## Dataset extract
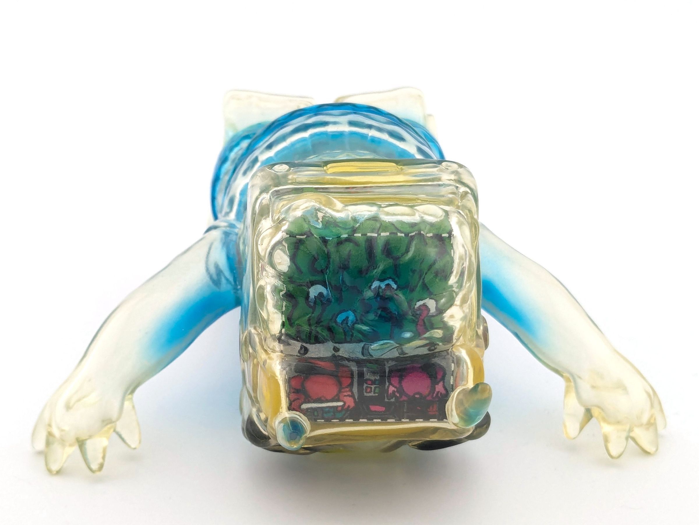 Clear vinyl with trans blue and yellow paint; paper guts insert
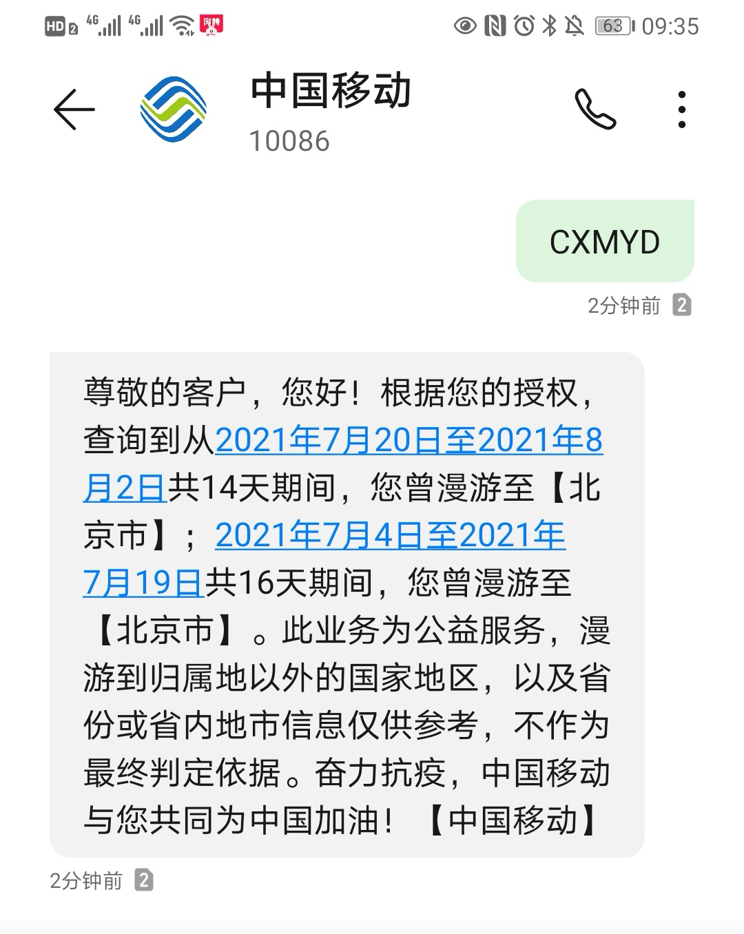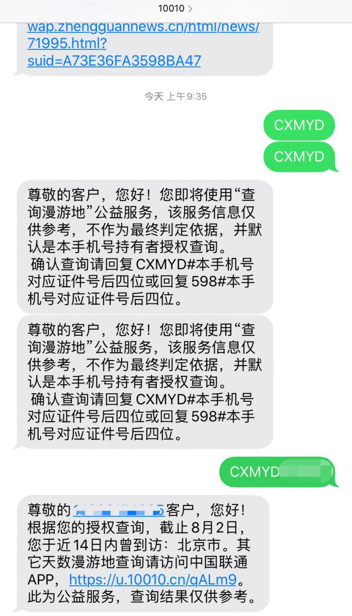 下午中国信通院官方微博发文称,基本恢复服务。信通院昨日发布公告称可以用短信查询行程。凤凰网科技刚刚分别向三家运营商发送短信,测试后发现移动、电信和联通均能收到查询反馈。但网友反映保安只承认绿码。
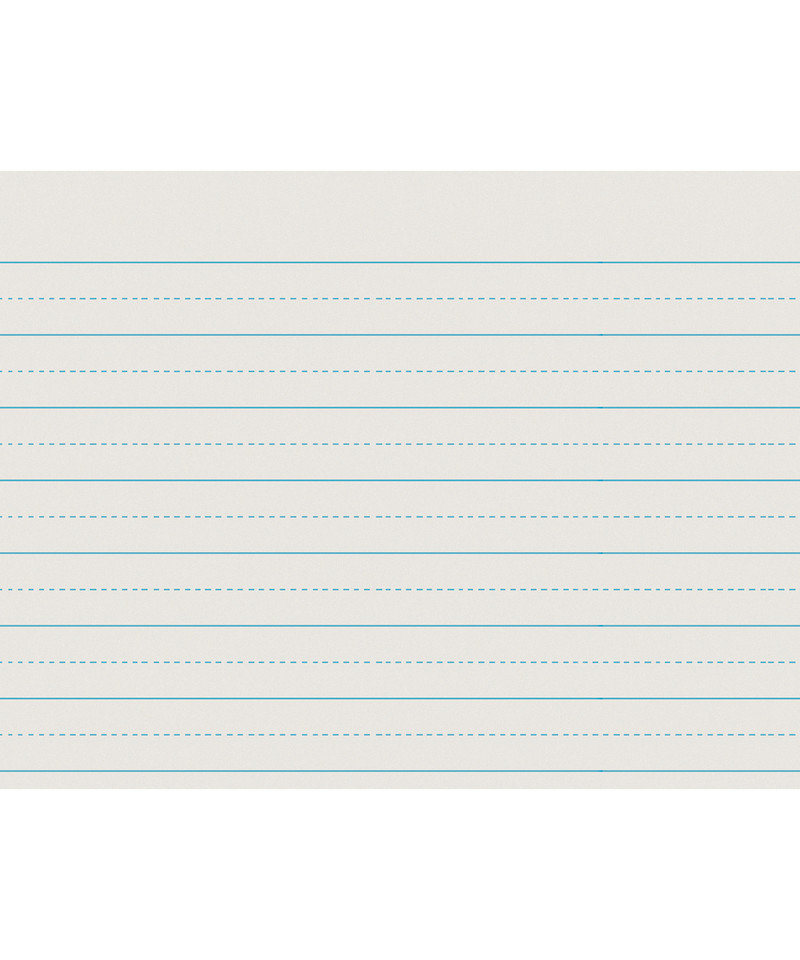 Clean white newsprint paper has light blue ruling on both sides makes great practice paper. Sheets are ruled 1" the long way, and feature a 1/2" dotted midline to serve as a guide for controlled writing. This ruling is recommended for Grade 1. Includes 500 sheets per package. Measures 11" x 8.5".

## What is being asked
Write every line above out again exactly; pictures do not belong in the copy.

## Answer to this problem
 Clear vinyl with trans blue and yellow paint; paper guts insert
 下午中国信通院官方微博发文称,基本恢复服务。信通院昨日发布公告称可以用短信查询行程。凤凰网科技刚刚分别向三家运营商发送短信,测试后发现移动、电信和联通均能收到查询反馈。但网友反映保安只承认绿码。
 Clean white newsprint paper has light blue ruling on both sides makes great practice paper. Sheets are ruled 1" the long way, and feature a 1/2" dotted midline to serve as a guide for controlled writing. This ruling is recommended for Grade 1. Includes 500 sheets per package. Measures 11" x 8.5".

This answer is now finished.